Bab 24b

8.6K 1.4K 165
                                    

Orlando maju, menatap Bianca lekat-lekat. Wajahnya terlihat tenang untuk seseoarng yang baru saja menerima berita mengejutkan. "Benarkah? Kamu Bianca, bukan Bella?"

Bianca memejam, bertahan untuk tidak menangis. Kepalanya pusing dan tubuhnya gemetar, tapi ia mencoba bertahan. Membuka mata, ia menatap Orlando dengan sendu. "Maaf."

Semua terhenyak dengan kenyataan yang terpampang. Bianca bahkan mengaku tanpa banyak kata.

"Kenapa?" Orlando bertanya dengan ketenangan luar biasa. "Kenapa membohongiku?"

Menghela napas panjang, Bianca menjawab pelan. "Sebenarnya, aku ingin mengatakan padamu yang sesungguhnya, tapi—"

"Tapi, apa?"

"Menunggu waktu yang tepat."

"Omong kosong!" Jesica menyerbu maju, mengayunkan tangan untuk memukul Bianca tapi berhasil ditahan oleh Orlando. "Lepaskan aku. Kamu masih membela wanita peniupu ini?"

"Tidak! Tapi, dilarang menggunakan kekerasan di sini!" Orlando menyingkirkan tangan Jesica dan kembali menatap Bianca. "Tolong jelaskan padaku, kenapa?"

Nada suara Orlando yang terluka, membuat Bianca sedih. Ia tidak peduli kalau Lidia dan dua anaknya menyimpan prasangka untuknya tapi tidak dengan Orlando.

"Bagus kamu, ya. Datang ke rumah besar kami dan mengaku-ngaku sebagai Bella. Merayu Orlando, menaklukkan hatinya atas nama Bella. Sungguh menjijikkan!" cela Lidia, menghampiri Bianca. "Dari surat yang kami baca, kamu hanya seorang pengurus panti asuhan miskin. Apa kamu menipu Orlando demi uang?"

"Tentu saja, Mama.
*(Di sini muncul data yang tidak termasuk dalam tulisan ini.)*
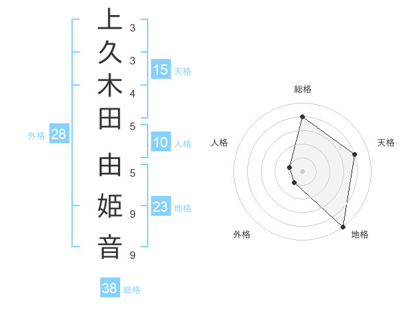 上久木田 由姫音さんを姓名の画数から五運を鑑定

Apalagi selain uang." Jenifer ikut bicara. Memandang Bianca dengan berapi-api. "Dia menggunakan wajah dan tubuhnya untuk menipu Orlando demi uang dan kekayaan. Kasihan Bella. Punya saudara kembar tak bermoral seperti dirinya."

Bianca menggeleng, pandangannya buram oleh air mata. Ia menatap Orlando yang terdiam, beralih pada Lidia dan dua anaknya. "Bu-bukan begitu. Sama sekali tidak ada hubungannya dengan uang."

"Lalu, apa?" desak Orlando. "Katakan, demi apa? Aku berhak tahu bukan, Bianca?"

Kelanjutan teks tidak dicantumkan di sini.